А Маргарета пробурчала:
— Чтобы не отморозил ничего…
Он фыркнул. Она засмеялась. Макс широким движением уронил Маргарету себе на плечо, а она потёрлась носом о голую кожу, прикрыла глаза…
С ним было хорошо. Невозможно, противоестественно хорошо, настолько, что можно было забыть обо всём и сказать: да. Давай улетим, поедем в Уливето, или в Прелюме, или на солёное озеро. Давай найдём там маленькую церковь, ты же знаешь, я не люблю большие, в них как будто вообще нет никакой святости, мне нравятся маленькие и простые, чтобы живые люди внутри были и священник со светлыми глазами. Клятвы принесём, обеты. Я на листике напишу красивых слов, потом все их забуду и скажу что-нибудь вредное, а в конце всё-таки расплачусь. А ты меня через порог перенесёшь, как положено, ну и что, что без белого платья. У нас будет дом, такой, чтобы стена обвита виноградной лозой, ты же любишь виноград, а я люблю, когда зелено. И тебя люблю, Макс, как полюбила однажды, так и люблю, что со мной ни делай. Давай уедем, да? У нас будет новая жизнь, совсем другая, счастливая. Я детей тебе рожу, так хочу девчонку, но чтобы похожую на тебя, светленькую и весёлую, с ямочками на щеках…
Конечно, она не сказала вчера ничего такого.

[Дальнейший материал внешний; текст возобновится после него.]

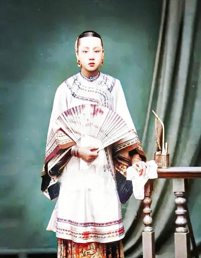 你看这张,穿得“贵气得很”的叫满清格格,衣服宽宽大大,袖口下坠,里头绣着花,外袍像罩衣,手上拿着团扇,金耳坠挂耳边,发式乖规整整,不用多说是谁家小姐也知道是主人娘家有点来头的大院,照片里那股气场,一副不慌不忙站定的位置,现在的小姑娘化妆打扮折腾半天未必顶得上人家这份讲究。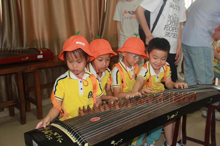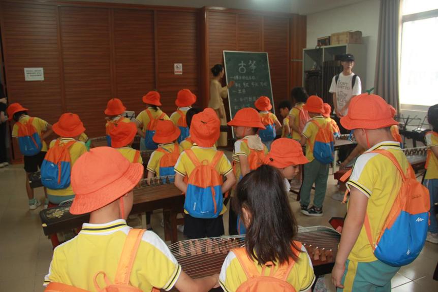 古筝曲美,美在韵味,美在古朴,美在典雅,美在纯净,美在飘逸。随后,讲解员有序引导大家来到在古筝室,介绍了古筝的历史渊源和乐器配件名称,科普古筝文化,并请小同学们实地弹奏,来共同感受典雅、优美的音乐氛围。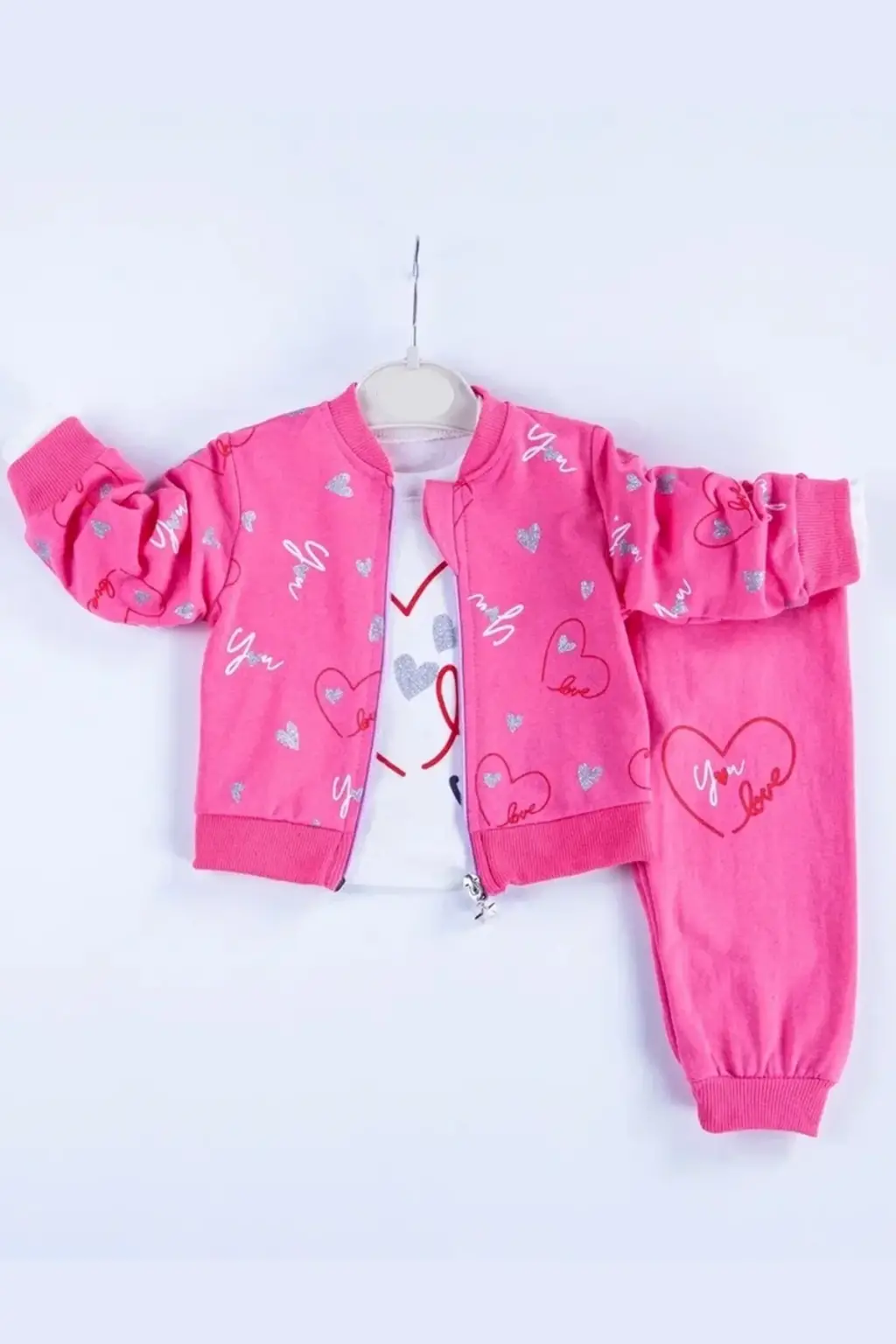 Kalp Desenli Hırkalı Pamuklu 3'lü Kız Bebek Takımı

Она же не враг себе, в конце-то концов.
Но теперь закрывать глаза на тянущую боль в груди не было больше сил. И Маргарета улетела в посёлок, уселась на лавке у колонки, прижала к себе банку молока. Изгрызла губу, до железистого привкуса во рту искусала щёки.
Вокруг неё бродили тени Маргарет. Десятки, много десятков теней. Серых, сломленных, пустых, потерявшихся во времени и пространстве, привычных к знакомым делам и не желающим знать ничего больше. Эти тени смотрели с укоризной и пониманием.
Эти тени шептали:
Ты ведь хотела уже, помнишь? Ты ведь начинала новую жизнь, в которой всё должно было стать совсем не так, как в прошлой. И куда это привело тебя, глупая? Оглянись! Вот он, твой новый дом; вот оно, твоё будущее. Будущее наступило. Это оно и есть — прямо сейчас.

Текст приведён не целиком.